Agitate, organize and educate.
Posts: 1,029
|
Post by rangewalker on Sept 25, 2022 18:07:41 GMT -8
I will give Moss absolutely credit with the Thermos-Seely pop tent. My parents had several over the years. They were fiberglass poles heled in sleeves and the poles were swung over and held in tension. A HS friend had a canvas BP tent that used those same poles but they were stretched out inside like the modern Bibler and Black Diamond storm tents. I have a BD First Light that uses that two-pole skeleton set up.

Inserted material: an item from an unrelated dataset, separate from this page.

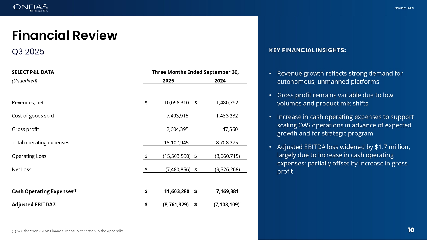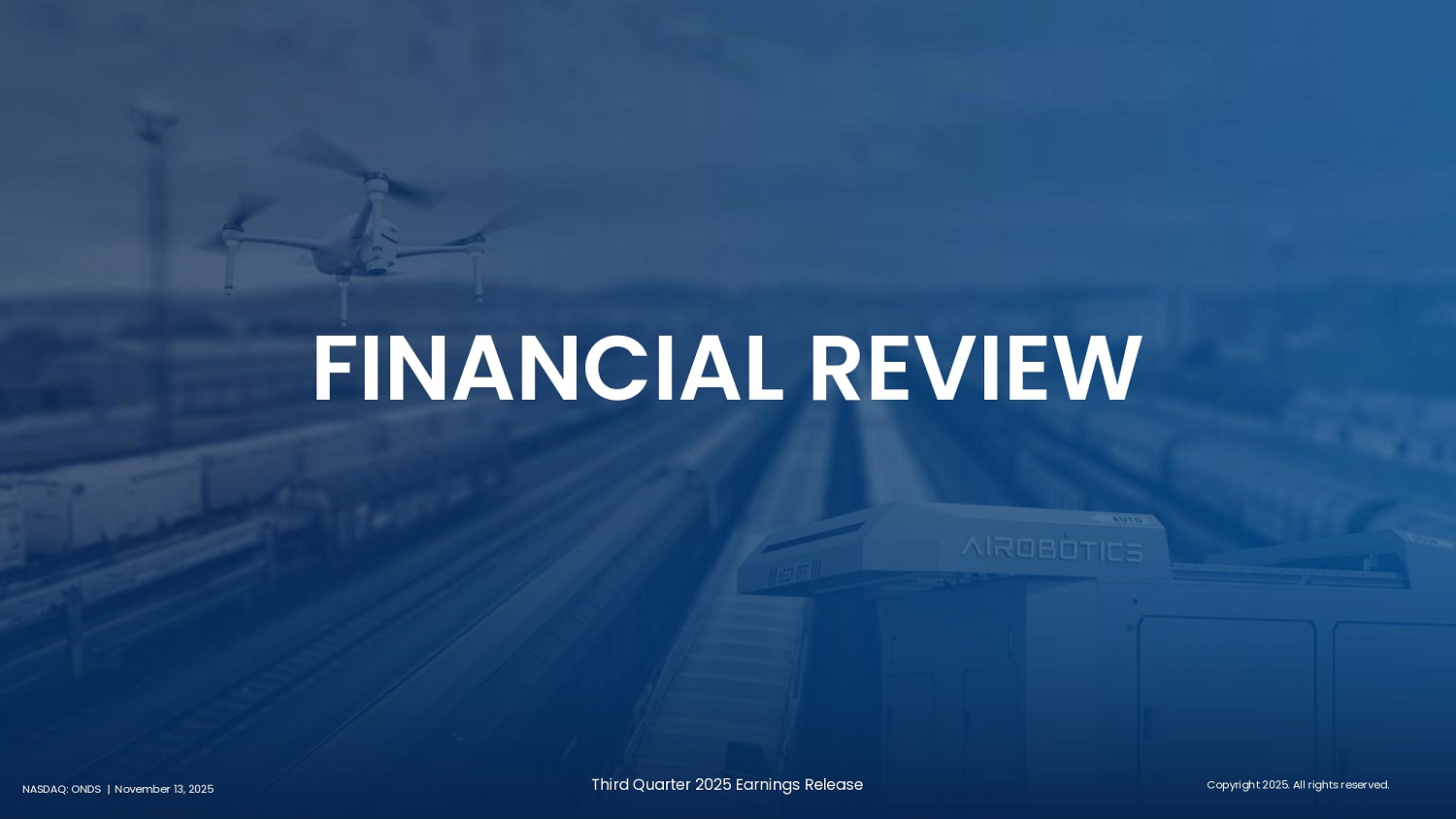 Nasdaq: ONDS 9 Third Quarter 2025 Earnings Release FINANCIAL REVIEW Copyright 2025. All rights reserved. NASDAQ: ONDS | November 13, 2025
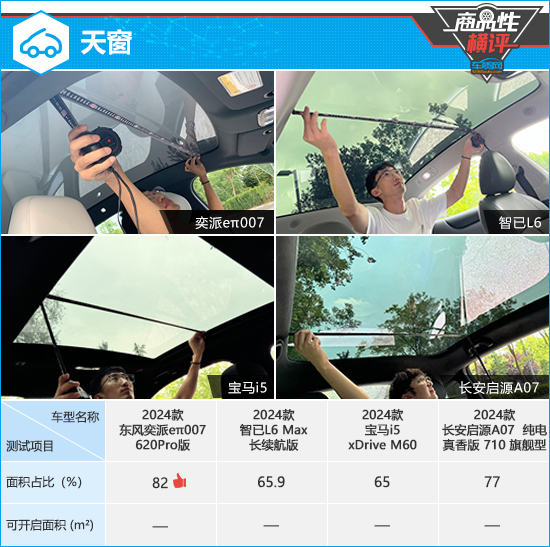 在针对天窗的测试中,四款车型均配备不可开启全景天窗。从数据层面来看,东风奕派eπ007面积占比最大,能够为车内乘客带来可观的通透感。

I have an MSR Fury 2 person (2014) four season tent that is very much a Moss team tent. the tent is incredible but has serious pole issues as DAC and MSR cut grams in the wrong places on poles.
|
|
dayhiker
Trail Wise!
Posts: 8,416
Member is Online
|
Post by dayhiker on Sept 25, 2022 22:09:34 GMT -8
I finished the book, apparently he had to be talked into using metal poles, and some of their early models did not hold up that well, but they talked to climbers etc. and improved things. Moss Tents came about much later than I realized , they had been designing tents and selling the designs before than, Moss tents was when they started making them in Maine. The book has many testimontutals on how they stood to some incredible conditions. They had another division which made tents for exhibitions, I guess like dividers, but with their stylus tent / tarp like structures and could be put up and down much quicker and cheaper. She ran that after they were divorced (was president of the whole company anyway) and made some real money (for stockholders?) REI bought and combine them with some other makers and sold them as MSR , I think, already forgot. Yes the reviews on many of there tents have pole problems where they connect. And tents may have borrowed from them but certain things keep going, like lighter fabrics and tarp tents, though I have a Moss Bug Insert for the Vista Wing so the tarptetn is not that different, though much lighter. The Moss Tents were always too heavy for me, but I did not need something for K2, I was really surprised to find that people ski camped with even lighter shelters like the Beta Light, which was fairly light even with the bug insert , at least until I got a hammock and they and tarp tent. I always liked the centenary cut, in their tarps and in their tents . . . A guy who worked with him uses the same sort of shapes in shelters in AZ for like swimming pools, even though his are solid structures, really a beautiful book.
|
|
dayhiker
Trail Wise!
Posts: 8,416
Member is Online
|
Post by dayhiker on Oct 6, 2022 20:11:54 GMT -8
|
|
franco
Trail Wise!
Posts: 2,297
|
Post by franco on Oct 8, 2022 1:32:20 GMT -8
Could be legit. From their web site :.https://mosstents.net/ 1983 BILL MOSS left MOSS TENT WORKS, then divorced MARILYN, MOSS INC. continues to run as CEO (until 2001)
1994 Sold the design blueprint (blueprint) rights of the CAMP TENT division of MOSS INC. to Warlus. Partial inheritance of MOSS's design know-how, the Seattle model appeared in the brand logo around this time.
2001 Sold MOSS INC. to EXHIBITS company
2019 JWMOS ENTERPRISE (USA) and SOLO STAR JAPAN CO., LTD. (JPN) signed a contract as the main licensee for the right to use MOSS TENT BRAND trademarks, archives, materials, etc. (Japan, China, South Korea, Taiwan)
2020 Newly established MOSS JAPAN INC. to inherit ETHOS of MOSS TENTS BRAND
However I have never heard of Exibits or JWMOS ENTERPRISE (USA).